Dew and moisture can also sit on the grass, which your dog may be attracted to. You should always ensure you have water available for your pet, especially if they are outside and might be hot or exhausted after exercise.
We haven’t eaten any ourselves, but it is believed that grass tastes rather fresh, natural and fragrant. Some dogs may like this and there is nothing more to it.
In Spring and Summer months, it is fresh and green so more appealing. And it certainly makes a change from meaty food. We aren’t saying they necessarily want to become vegans, though.
My dog is eating grass frantically!
This is not just an occasional nibble and off they go. Your dog is tearing chunks out of the ground and swallowing the grass. As we said in the introduction, this can be when you need to start acting.
When this is happening, it is thought to definitely be a sign that something is up with their tummy and they want desperate relief. While eating grass is common, many dogs will try to find a nice green patch that is tasty, but dogs in a hurry may eat any kind.
As mentioned above, grass may tickle a dogs throat and stomach to encourage sickness. Dogs who are desperate could hunt out the rougher stuff because of this. They may also be ingesting other things such as plants or mushrooms without even realising which can be a worry.

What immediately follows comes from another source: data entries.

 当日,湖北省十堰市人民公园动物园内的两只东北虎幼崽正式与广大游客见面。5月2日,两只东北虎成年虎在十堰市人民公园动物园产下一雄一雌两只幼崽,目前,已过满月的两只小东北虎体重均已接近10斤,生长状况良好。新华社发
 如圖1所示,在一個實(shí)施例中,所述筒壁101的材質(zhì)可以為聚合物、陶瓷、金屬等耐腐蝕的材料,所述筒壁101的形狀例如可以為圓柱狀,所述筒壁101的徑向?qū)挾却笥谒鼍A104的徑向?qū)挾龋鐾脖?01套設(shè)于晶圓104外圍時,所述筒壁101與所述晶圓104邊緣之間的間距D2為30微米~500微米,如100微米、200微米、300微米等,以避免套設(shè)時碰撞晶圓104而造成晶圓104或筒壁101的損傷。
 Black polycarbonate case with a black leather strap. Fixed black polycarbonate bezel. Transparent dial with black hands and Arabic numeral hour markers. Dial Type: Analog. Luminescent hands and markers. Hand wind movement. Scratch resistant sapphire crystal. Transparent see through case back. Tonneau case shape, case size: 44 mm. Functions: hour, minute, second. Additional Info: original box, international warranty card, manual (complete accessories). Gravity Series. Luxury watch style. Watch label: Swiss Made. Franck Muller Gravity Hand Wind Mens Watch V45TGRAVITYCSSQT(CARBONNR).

But take a step back before you rush immediately to the vet, and think about other factors as well. Are they displaying further signs of illness which explains this? Or are they going to the toilet regularly and eating food normally?

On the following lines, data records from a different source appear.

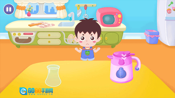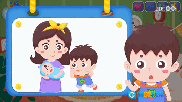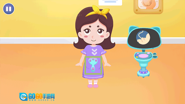 1、打开【妈妈生宝宝】游戏后,在启动页面点击蓝色的开始按钮,就能进入专为4~6岁宝宝设计的游戏场景了。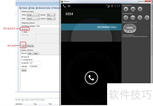 4、 在Emulator Control界面输入目标手机号,此处为模拟器号码,具体号码可参考图示方式查看。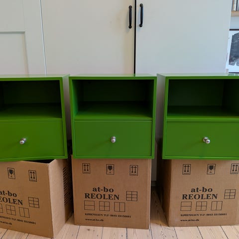 1 arkivskuffe, har et afslag øverst til venstre i skuffefronten - er ikke synligt set forfra.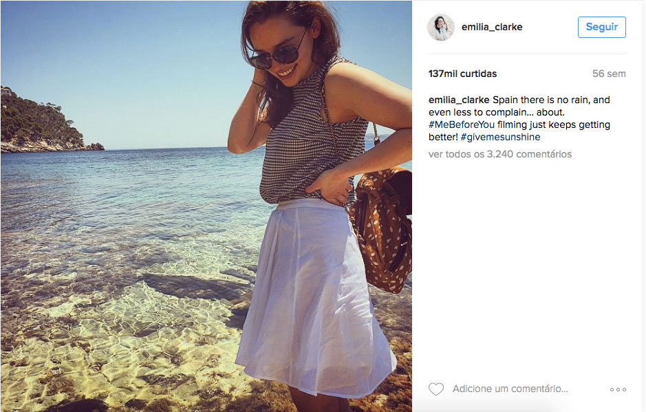 Emilia Clarke estava tão ansiosa pelas filmagens em Mallorca que postou em sua conta do Instagram uma foto do set de filmagens em um dia ensolarado com a seguinte legenda: “Espanha não tem chuva, e menos ainda sobre o que reclamar”. Parece que nossa musa de Game of Thrones adorou sair um pouco do verão chuvoso de UK.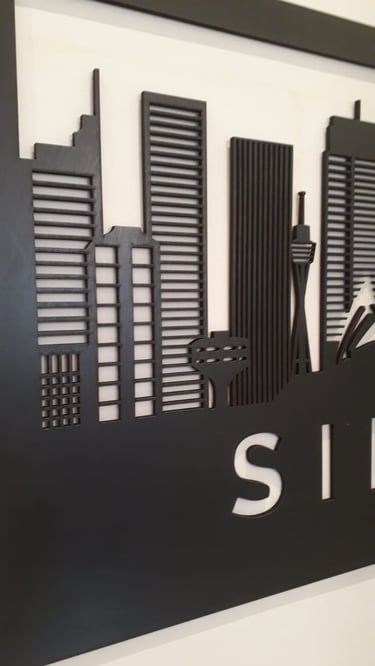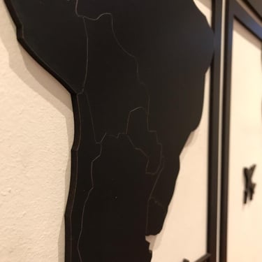 El cuadro está realizado en madera melaminada negra calada con láser.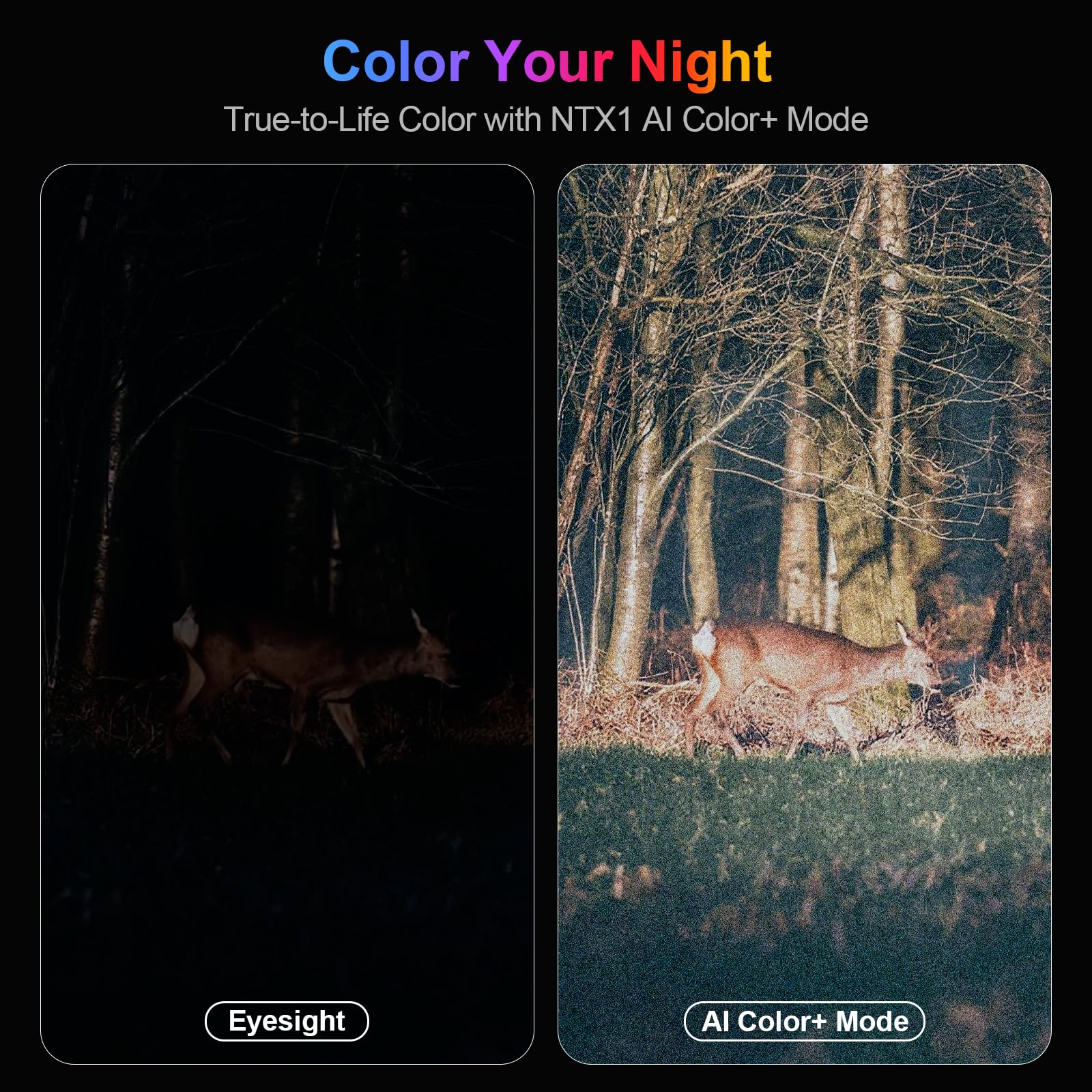 【AI Color+ & Infrared Night Vision】 Experience true-to-life full-color night vision with AI Color+ in any low-light setting. 4 levels of 850nm infrared reveal details for wildlife spotting, or camping

If everything else seems fine, keep an eye on them anyway, but do think about if you have told them off for eating grass in the past in a panic. You have? Well, they could well be being cheeky and eating voraciously when your back is turned knowing that it will end up with them being given attention (even if it is negative attention).

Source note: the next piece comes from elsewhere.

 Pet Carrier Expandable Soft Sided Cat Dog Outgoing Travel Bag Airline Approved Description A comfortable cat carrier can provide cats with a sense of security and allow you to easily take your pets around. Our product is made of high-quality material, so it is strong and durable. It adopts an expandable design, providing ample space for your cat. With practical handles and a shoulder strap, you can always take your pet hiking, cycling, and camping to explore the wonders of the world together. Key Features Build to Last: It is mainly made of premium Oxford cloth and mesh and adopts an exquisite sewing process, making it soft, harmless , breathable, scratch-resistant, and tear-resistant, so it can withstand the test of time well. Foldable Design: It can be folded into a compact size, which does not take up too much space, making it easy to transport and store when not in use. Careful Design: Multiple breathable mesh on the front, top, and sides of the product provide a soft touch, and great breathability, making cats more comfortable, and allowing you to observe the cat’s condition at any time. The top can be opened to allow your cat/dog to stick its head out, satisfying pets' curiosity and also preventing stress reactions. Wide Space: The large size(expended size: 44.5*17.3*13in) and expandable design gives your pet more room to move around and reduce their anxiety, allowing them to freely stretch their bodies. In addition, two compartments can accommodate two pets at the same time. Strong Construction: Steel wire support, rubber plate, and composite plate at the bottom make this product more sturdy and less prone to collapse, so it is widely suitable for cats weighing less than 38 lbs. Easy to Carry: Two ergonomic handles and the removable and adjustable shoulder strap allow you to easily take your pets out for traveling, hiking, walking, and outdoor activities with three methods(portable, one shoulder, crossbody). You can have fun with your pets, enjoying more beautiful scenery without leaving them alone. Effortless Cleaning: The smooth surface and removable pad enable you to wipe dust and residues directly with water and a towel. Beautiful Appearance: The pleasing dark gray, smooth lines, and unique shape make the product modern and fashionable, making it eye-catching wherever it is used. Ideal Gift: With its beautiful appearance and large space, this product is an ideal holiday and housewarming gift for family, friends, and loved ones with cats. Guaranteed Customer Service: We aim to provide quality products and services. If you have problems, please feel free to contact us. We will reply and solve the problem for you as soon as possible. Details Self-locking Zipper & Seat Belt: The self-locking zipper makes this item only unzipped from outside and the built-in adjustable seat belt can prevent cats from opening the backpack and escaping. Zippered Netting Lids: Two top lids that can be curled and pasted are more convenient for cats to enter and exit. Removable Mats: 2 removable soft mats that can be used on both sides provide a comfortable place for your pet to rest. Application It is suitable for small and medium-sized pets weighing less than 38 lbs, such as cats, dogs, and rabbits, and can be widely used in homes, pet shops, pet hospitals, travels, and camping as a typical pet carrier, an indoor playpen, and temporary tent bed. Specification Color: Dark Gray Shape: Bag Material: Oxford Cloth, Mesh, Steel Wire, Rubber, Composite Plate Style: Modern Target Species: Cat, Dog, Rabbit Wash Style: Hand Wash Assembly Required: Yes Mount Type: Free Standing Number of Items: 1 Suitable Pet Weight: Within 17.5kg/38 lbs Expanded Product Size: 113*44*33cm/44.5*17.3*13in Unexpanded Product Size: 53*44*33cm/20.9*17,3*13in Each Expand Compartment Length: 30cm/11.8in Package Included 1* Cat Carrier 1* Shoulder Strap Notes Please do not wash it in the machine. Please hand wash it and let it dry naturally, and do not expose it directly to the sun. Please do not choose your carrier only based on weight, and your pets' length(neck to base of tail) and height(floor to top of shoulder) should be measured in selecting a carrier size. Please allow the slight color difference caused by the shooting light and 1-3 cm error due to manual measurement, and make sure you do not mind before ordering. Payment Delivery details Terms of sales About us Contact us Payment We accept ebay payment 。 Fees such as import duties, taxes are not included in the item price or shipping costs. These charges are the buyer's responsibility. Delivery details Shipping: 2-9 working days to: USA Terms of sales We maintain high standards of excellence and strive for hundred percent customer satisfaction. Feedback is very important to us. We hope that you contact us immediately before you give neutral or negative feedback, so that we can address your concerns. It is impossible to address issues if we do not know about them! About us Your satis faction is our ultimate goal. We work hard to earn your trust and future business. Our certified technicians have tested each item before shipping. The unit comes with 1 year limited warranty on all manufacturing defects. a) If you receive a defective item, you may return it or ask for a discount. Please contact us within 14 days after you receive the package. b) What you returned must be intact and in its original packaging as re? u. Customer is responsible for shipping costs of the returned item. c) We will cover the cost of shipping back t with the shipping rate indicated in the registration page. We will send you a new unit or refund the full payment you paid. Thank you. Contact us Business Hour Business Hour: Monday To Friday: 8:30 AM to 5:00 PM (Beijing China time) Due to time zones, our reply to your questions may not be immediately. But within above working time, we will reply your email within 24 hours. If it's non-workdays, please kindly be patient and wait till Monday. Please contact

Should I stop my dog from eating grass?
Although most experts agree that your dog eating grass is not a harmful trait, it can be worth bearing in mind that there could be things on or in the grass which are harmful. From pesticides to slugs and poisonous items to plants, watching your dog suddenly tear a chunk of grass from the earth should alert you to keep an eye on further behaviour.
Ensure they are protected against lungworm (which is commonly passed on by slugs and snails) by using a regular worming treatment. These come in the form of tablets or spot-on treatments, and while they can’t prevent lungworm infection, they can allow a dog’s body to manage the parasite.
Also read up on the effects of grass seeds on dogs, which is particularly dangerous in longer grass. If your dog does have something stuck in its throat, it may show symptoms of reverse sneezing.
What can I do about my dog eating grass?
Think about why your dog may be eating grass. If you think they’re bored, it could be good to incorporate playing and activities into their walks to distract them.
Changing their diet can be the next step, so you can switch to a better dog food packed with nutritional value, particularly if it contains more fibre. Also, look at moisture content and ensure they always have drinking water available and accessible to them.
Think about whether they may be hungry, and possibly feed them before you go out or go later in the day so they are not as hungry as they would be in the morning before breakfast.
If they seem to enjoy the taste with a leisurely graze, you could look into introducing vegetables and greens into their diet along with their ordinary food, adjusting the portion sizes accordingly.
Dogs eating grass: When to seek veterinary advice
While most cases are harmless, you should speak to a professional if:
- Your dog is only eating grass and is avoiding normal food and treats
- The eating becomes excessive
- They are constantly eating grass and vomiting afterwards
- Your dog appears unwell in other ways on top of eating grass
Remember that your vet is always there to give advice when you need it, so if you are worried and want to explain the whole story to them to see how they feel, you can. They may suggest you bring in your dog for a checkup to ensure everything else seems okay.